Di sini, kita akan menggunakan sesuatu yang disebut Metrik Minkowski atau perbedaan Minkowski.
Diberi dua vektor dan kekuatan, p, kita pada dasarnya mengambil nilai absolut dari perbedaan
antara masing-masing komponen vektor, naikkan ke kekuatan p-th, ambil jumlah, dan
ambil rute ke-p itu. Jadi mari kita lakukan dua contoh nyata. Jika p sama dengan 1, saya hanya
mengukur jarak absolut antara setiap komponen, menjumlahkannya, dan itu milik saya
jarak. Ini disebut metrik Manhattan.
Yang Anda lihat lebih banyak, yang kita lihat terakhir kali, jika p sama dengan 2, ini Euclidean
jarak, kan? Ini adalah jumlah kuadrat dari perbedaan komponen. Ambil saja
akar pangkat dua. Ambil akar kuadrat karena membuatnya memiliki sifat tertentu dari kejauhan.
Itu jarak Euclidean. Jadi sekarang jika saya ingin mengukur perbedaan antara keduanya,
ini pertanyaannya. Apakah lingkaran ini lebih dekat ke bintang atau lebih dekat ke salib?
Sayangnya, saya meletakkan jawabannya di sini. Tapi itu berbeda, tergantung pada metrik yang saya gunakan. Kanan?
Jarak Euclidean, yah, itu kuadrat dari 2 kali 2, jadi sekitar 2,8. Dan itu tiga. Begitu
dalam hal hanya jarak standar di pesawat, kita akan mengatakan bahwa keduanya lebih dekat daripada
keduanya. Jarak Manhattan, mengapa disebut demikian? Karena Anda hanya bisa berjalan di sepanjang
jalan dan jalanan. Jarak Manhattan pada dasarnya akan mengatakan ini adalah satu, dua, tiga, empat
unit jauh. Ini satu, dua, tiga unit jauhnya.
Dan di bawah jarak Manhattan, ini lebih dekat, pasangan ini lebih dekat dari pasangan itu. Sekarang
Anda terbiasa berpikir Euclidean. Kami akan menggunakannya. Tetapi ini akan menjadi penting
ketika kita berpikir tentang bagaimana kita membandingkan jarak antara bagian-bagian yang berbeda ini. Begitu
biasanya, kami akan menggunakan Euclidean. Kita akan melihat Manhattan sebenarnya memiliki beberapa nilai. Jadi jika saya pergi
kembali ke tiga contoh saya – anak laki-laki, itu slide yang kotor, bukan? Tapi ini dia– ular berbisa,
boa constrictor, dan katak panah.
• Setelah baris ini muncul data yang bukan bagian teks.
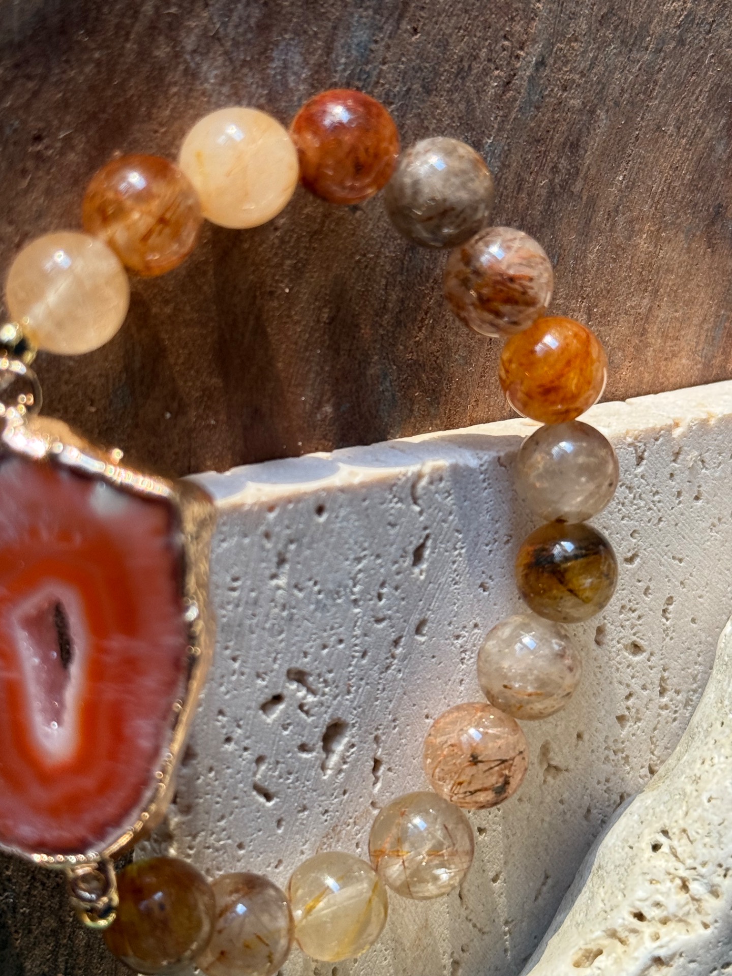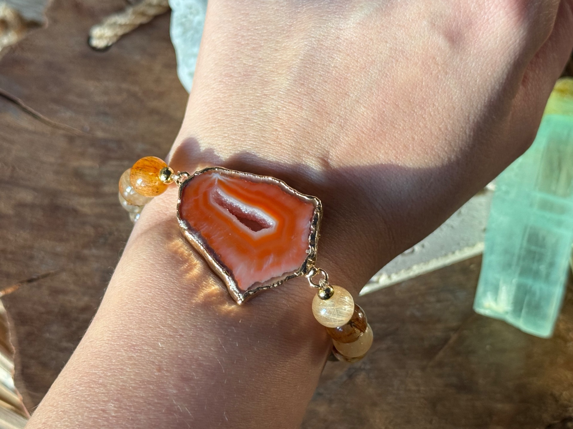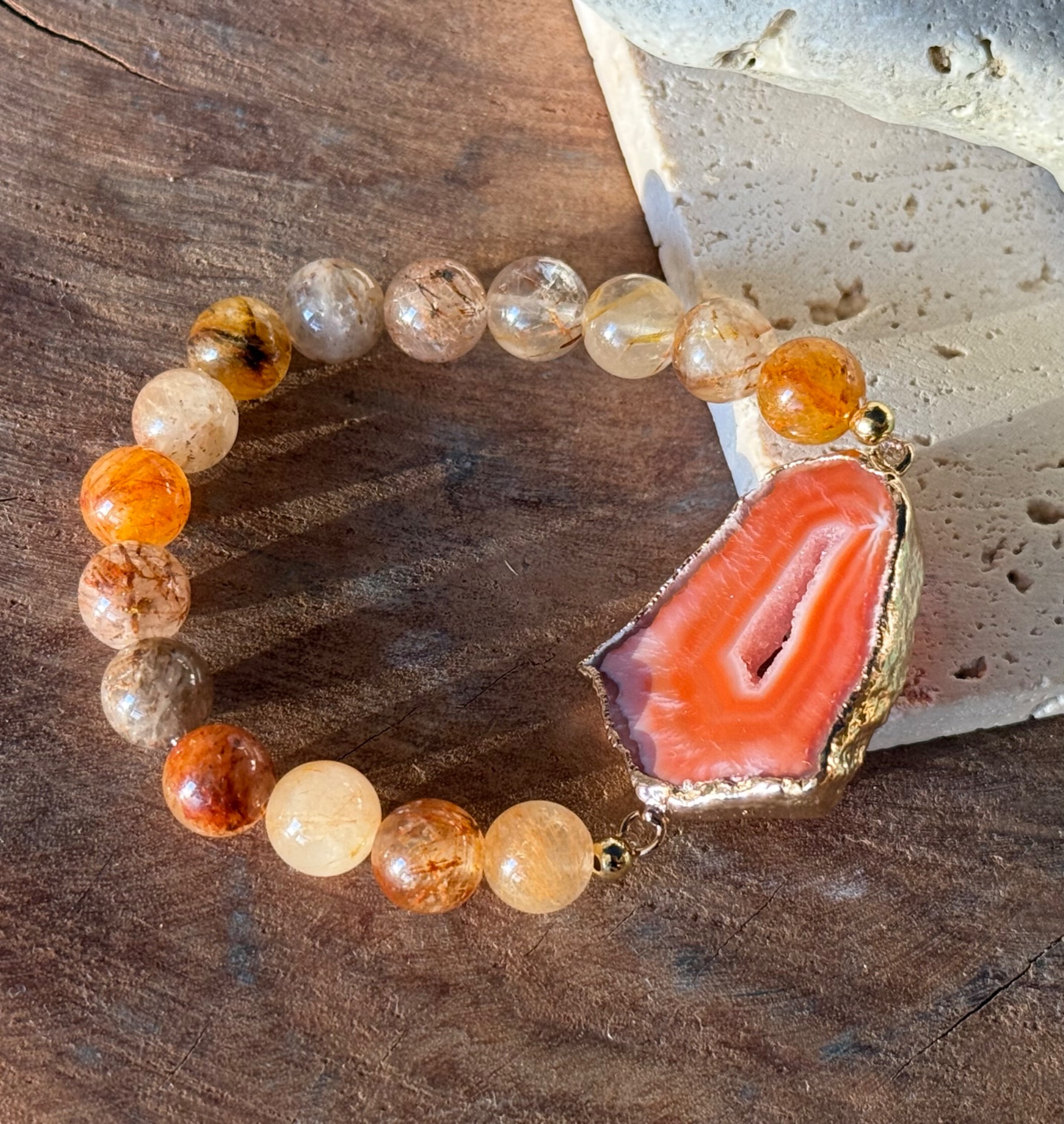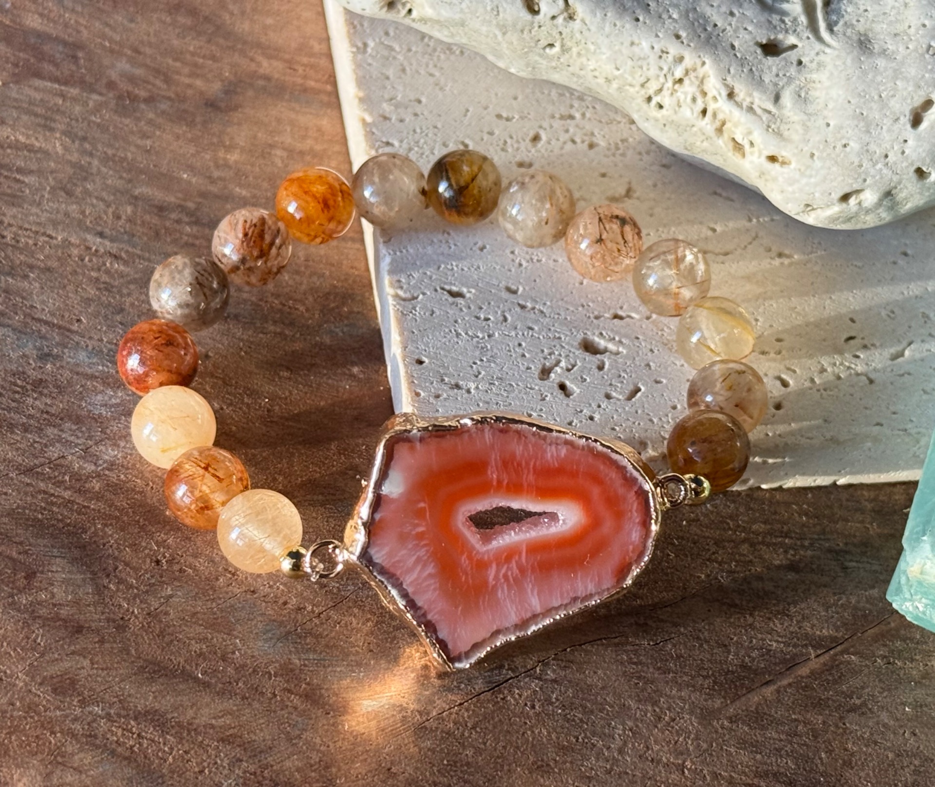 Náramok achátová drúza & rutilový krištáľ | Hlboké liečenie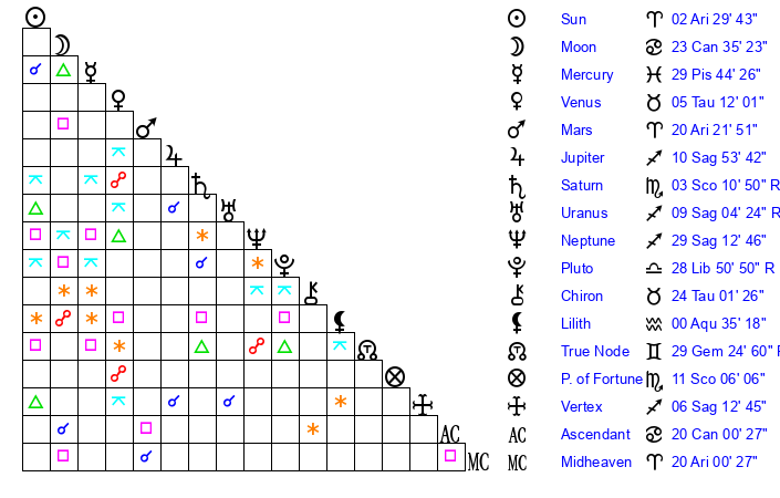 | Jupiter | 10 Sagittarius 44 | 14 Gemini 46 | 8 Sagittarius 39 |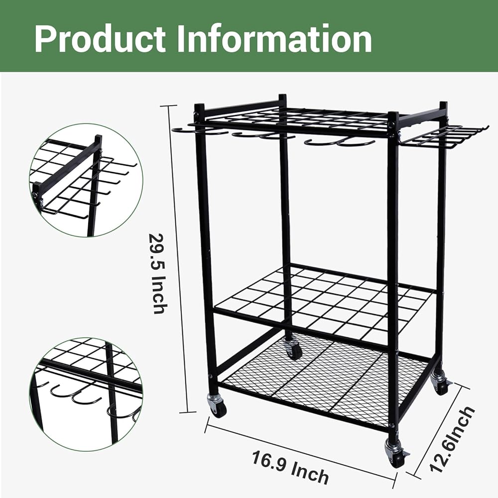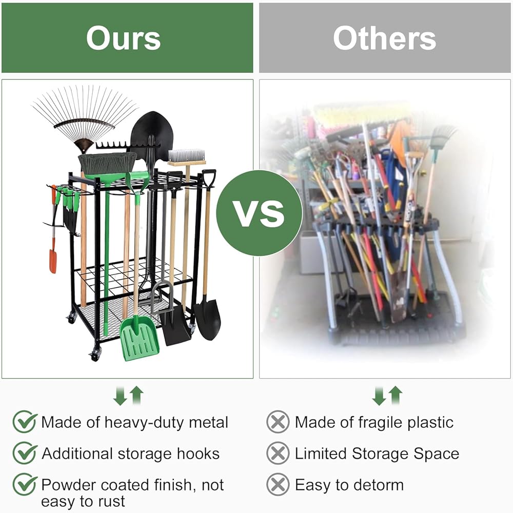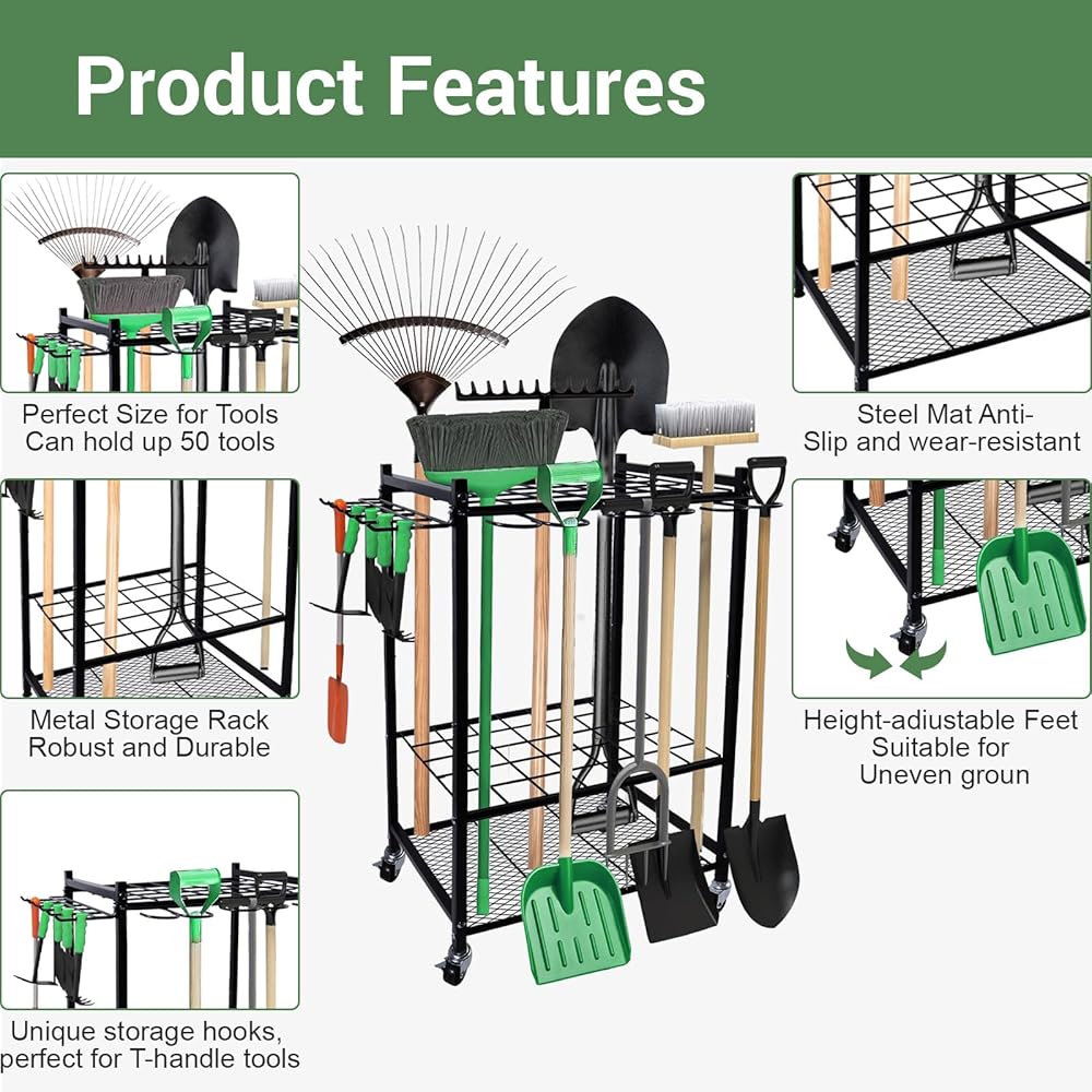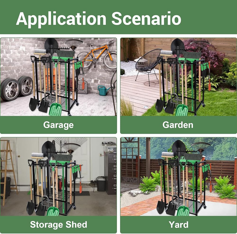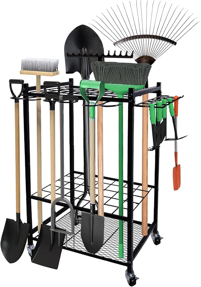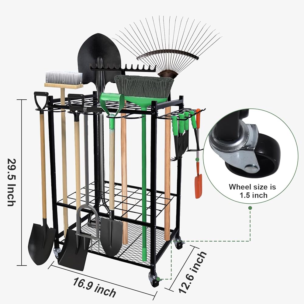 منظم أدوات الحديقة، منظم أدوات الفناء للجراج، منظم أدوات الحديقة بعجلات، ما يصل إلى 35 أداة/مشط/مكانس ذات مقبض طويل، حامل أدوات حديقة فولاذي شديد التحمل للسقيفة، خارجي، أسود

Ada representasi.
Saya bisa bertanya, berapa jarak di antara mereka? Dalam selebaran untuk hari ini, kami telah memberi Anda sedikit
sepotong kode yang akan melakukan itu. Dan jika saya benar-benar menjalankannya, saya mendapatkan, sebenarnya, sedikit menyenangkan
hasil. Berikut adalah jarak antara vektor-vektor tersebut menggunakan metrik Euclidean. saya akan
kembali ke mereka. Tapi Anda bisa melihat dua ular itu, baik, cukup dekat dengan masing-masing
lain. Padahal, katak panah agak jauh dari itu. Bagus kan? Itu bagus
pemisahan yang mengatakan ada perbedaan antara keduanya.
BAIK. Sekarang saya melempar buaya. Kedengarannya seperti game Dungeons & Dragons

 

Saya melempar buaya, dan saya ingin melakukan perbandingan yang sama. Dan saya tidak mendapatkan hasil yang hampir sama baiknya.
Karena sekarang dikatakan, seperti sebelumnya, kedua ular itu saling berdekatan. Tetapi dikatakan bahwa
katak panah dan buaya lebih dekat, di bawah pengukuran ini, daripada salah satu dari mereka
yang lain. Dan untuk mengingatkan Anda, benar, buaya dan dua ular yang saya ingin dekat dengannya
satu sama lain dan jauh dari katak. Karena saya mencoba mengklasifikasikan reptil versus
tidak.
Jadi apa yang terjadi di sini? Nah, ini adalah tempat di mana rekayasa fitur akan menjadi
penting. Karena pada kenyataannya, buaya berbeda dari katak dalam tiga fitur. Dan hanya dalam dua
fitur dari, katakanlah, boa constrictor. Tetapi salah satu fitur itu adalah jumlah kaki. Dan
di sana, sementara pada sumbu biner, perbedaannya adalah antara 0 dan 1, di sini bisa antara 0
dan 4. Jadi itu menimbang jarak jauh lebih banyak dari yang kita inginkan. Dimensi kaki adalah
terlalu besar, jika Anda suka.
Bagaimana saya memperbaikinya? Ini sebenarnya, saya berpendapat, tempat alami untuk menggunakan jarak Manhattan.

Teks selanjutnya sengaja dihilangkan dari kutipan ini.